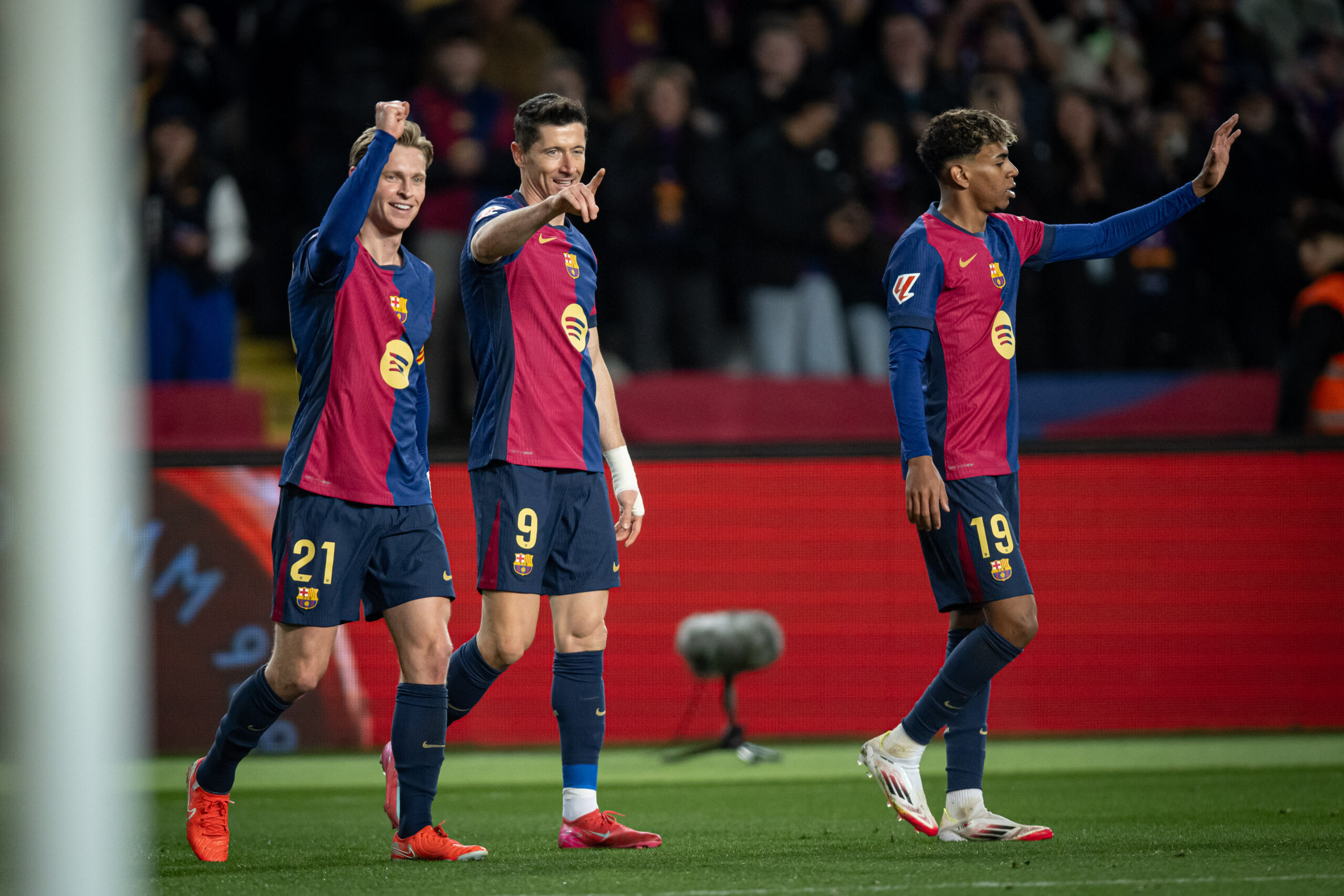 Frankie De Jong (FC Barcelona), Robert Lewandowski (FC Barcelona) and Lamine Yamal (FC Barcelona) are seen during a La Liga EA Sports match between FC Barcelona and Valencia CF at Estadi Olimpic Llu’s Companys in Barcelona, Barcelona, Spain, on January 26 2025. Photo by Felipe Mondino / Sipa USA
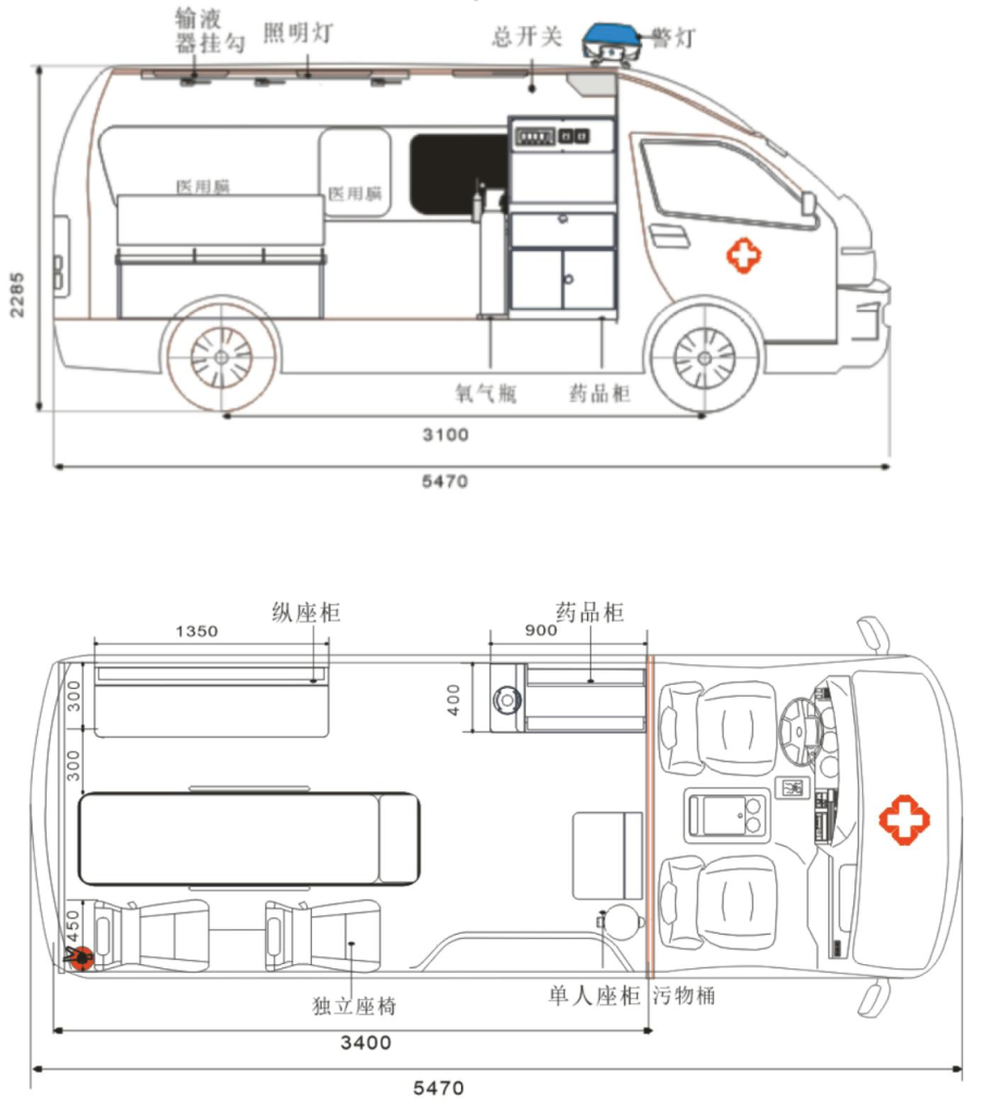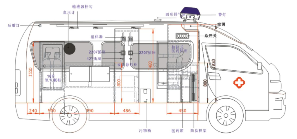 Layout diagram of transport ambulance
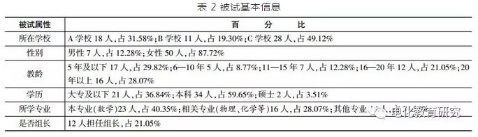 培训中面向数学教师发放基于概念图的学科知识评价任务,共发放测试卷64份(A校21份,B校11份,C校32份),有效回收57份(A校18份,B校11份,C校28份),有效率89.1%。有效被试基本信息见表2。
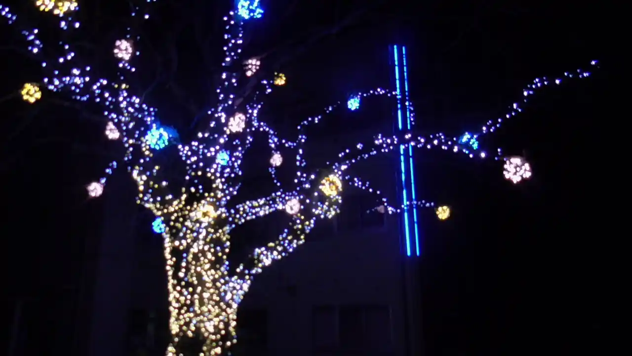 イルミネーションのテーマは、「モチモチの木」(小3国語の教科書に掲載されている物語)。勇気ある子どもだけが真夜中に見ることができる、神々しくまばゆい光を放つ「モチモチの木」を、共同研究に参加する不二サッシ株式会社の支援により実現しました。 |
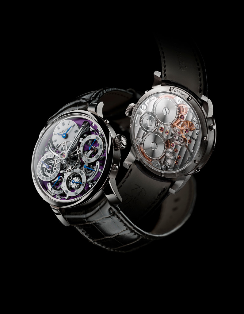 Legacy Machine Perpetual is available in three limited editions of 25 pieces each in platinum 950 (blue face), 18k red gold (grey face) and 18k white gold (purple face); and in a non-limited edition in 18k white gold with grey face, both version costs 148’000 CHF + TAX.
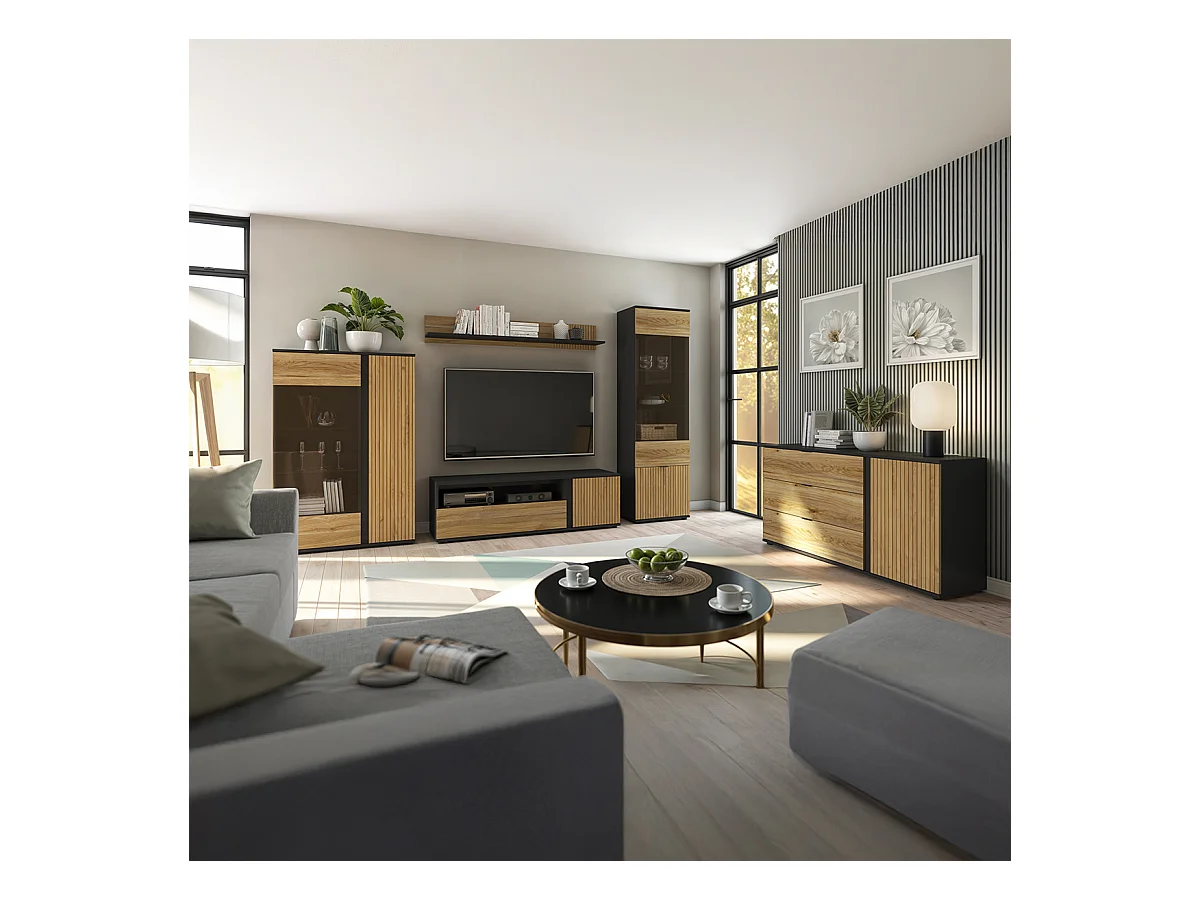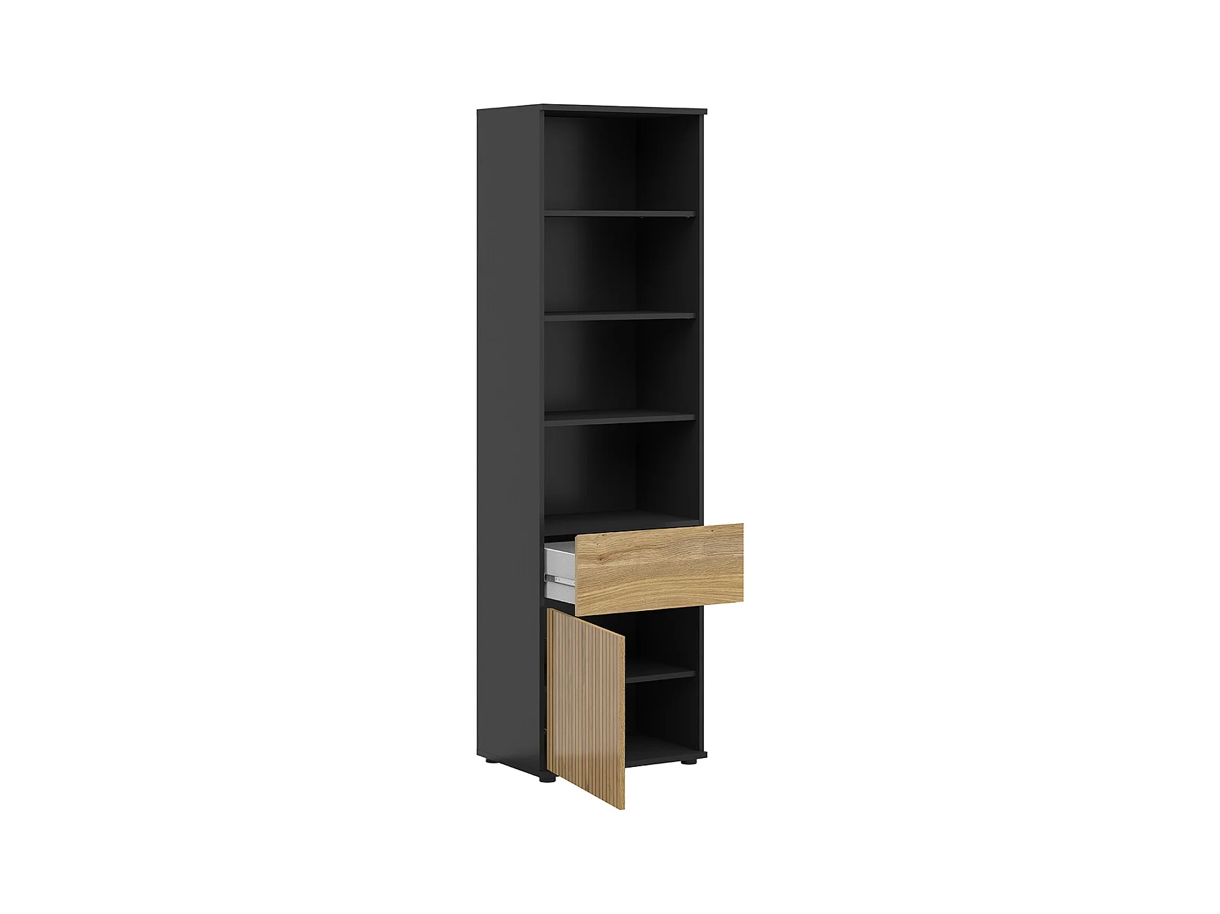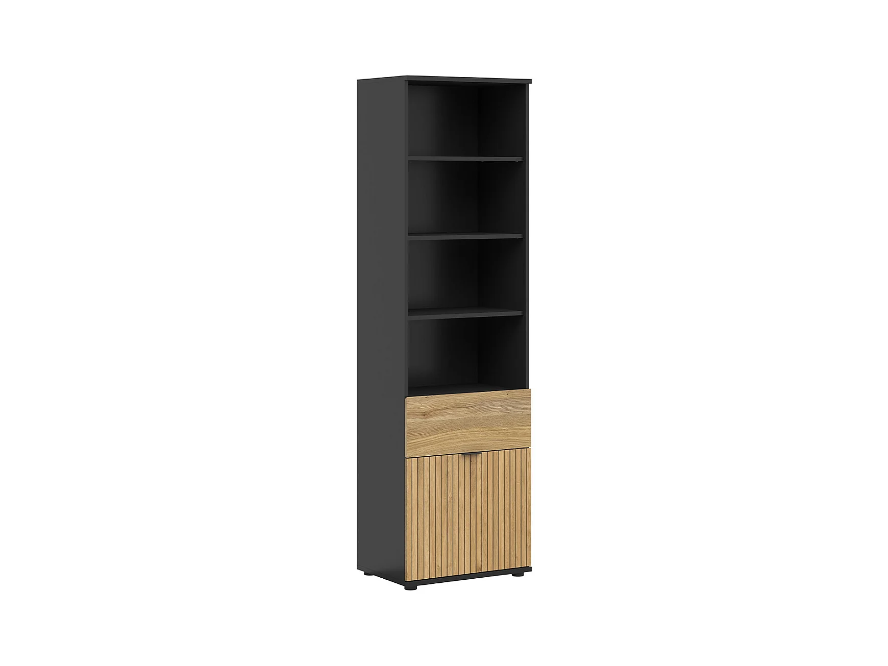 Bibliothèque 1 porte 1 tiroir Pia Noir et Bois
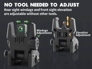Поворот механизма под мушкой для регулировки высоты прицела и получения наилучшего визуального эффекта прицеливания; поворотом ручки прицела перемещать прицельное окно влево или вправо; Когда прицел не перевернут, можно перейти непосредственно к оптоволоконному прицеливанию, чтобы быстрее перейти к прицеливанию в ближнем бою. Взяв его в руки, его можно использовать для определения потребления и дальности действия, соответствующих всем режимам на открытом воздухе.
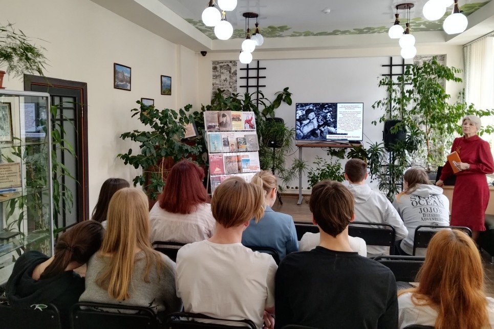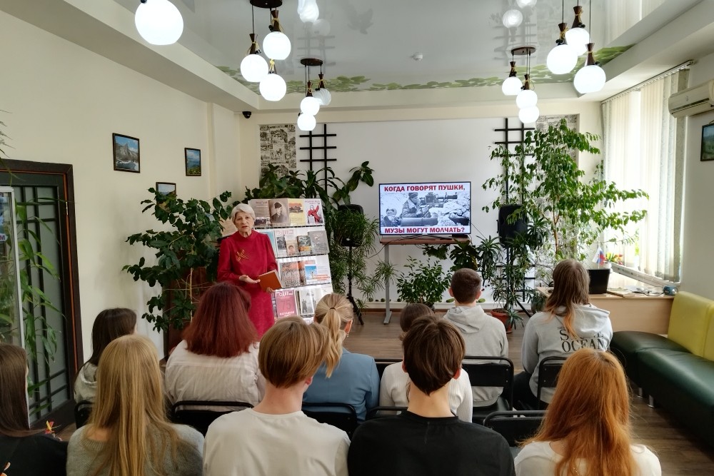 В конце апреля библиотека им. И.У. Басаргина провела час истории «Когда говорят пушки, музы молчат?» в рамках программы «Вектор чтения» с учащимися 10 «А» класса МБОУ «СОШ № 57». Казалось бы, нет более противоречивого понятия, чем война и музы. Но Великая Отечественная война доказала, что музы способны вдохновлять защитников отечества на победу.
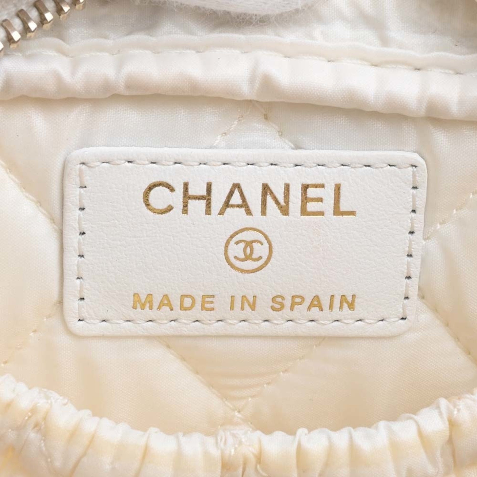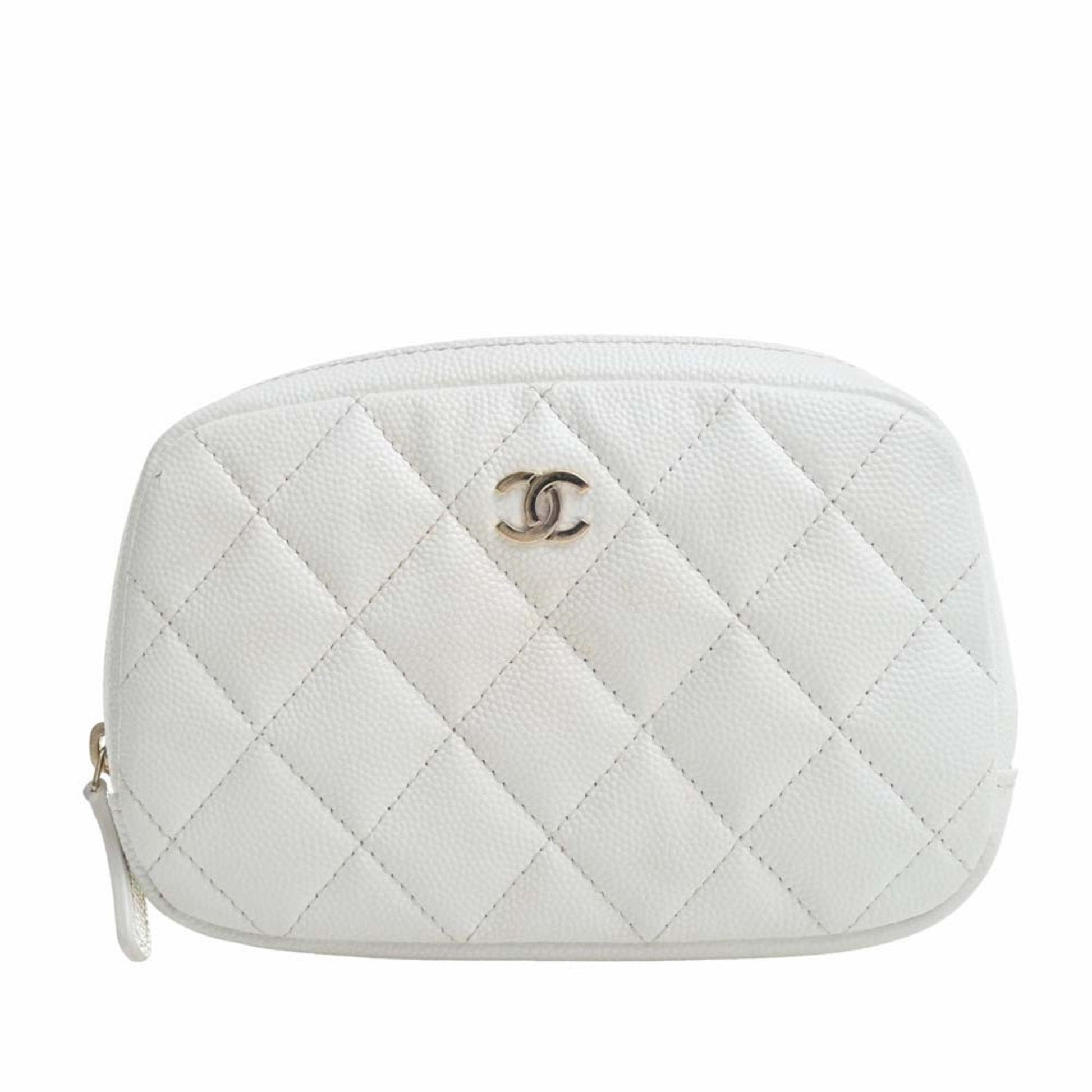 Chanel Caviar Skin Matelasse Coco Mark Pouch White Ladies

* * * * * * * * *

Restate the lines of the records exactly, starting at the first and stopping after the line with "イルミネーションのテーマは、". Leave out any picture.

 Frankie De Jong (FC Barcelona), Robert Lewandowski (FC Barcelona) and Lamine Yamal (FC Barcelona) are seen during a La Liga EA Sports match between FC Barcelona and Valencia CF at Estadi Olimpic Llu’s Companys in Barcelona, Barcelona, Spain, on January 26 2025. Photo by Felipe Mondino / Sipa USA
 Layout diagram of transport ambulance
 培训中面向数学教师发放基于概念图的学科知识评价任务,共发放测试卷64份(A校21份,B校11份,C校32份),有效回收57份(A校18份,B校11份,C校28份),有效率89.1%。有效被试基本信息见表2。
 イルミネーションのテーマは、「モチモチの木」(小3国語の教科書に掲載されている物語)。勇気ある子どもだけが真夜中に見ることができる、神々しくまばゆい光を放つ「モチモチの木」を、共同研究に参加する不二サッシ株式会社の支援により実現しました。 |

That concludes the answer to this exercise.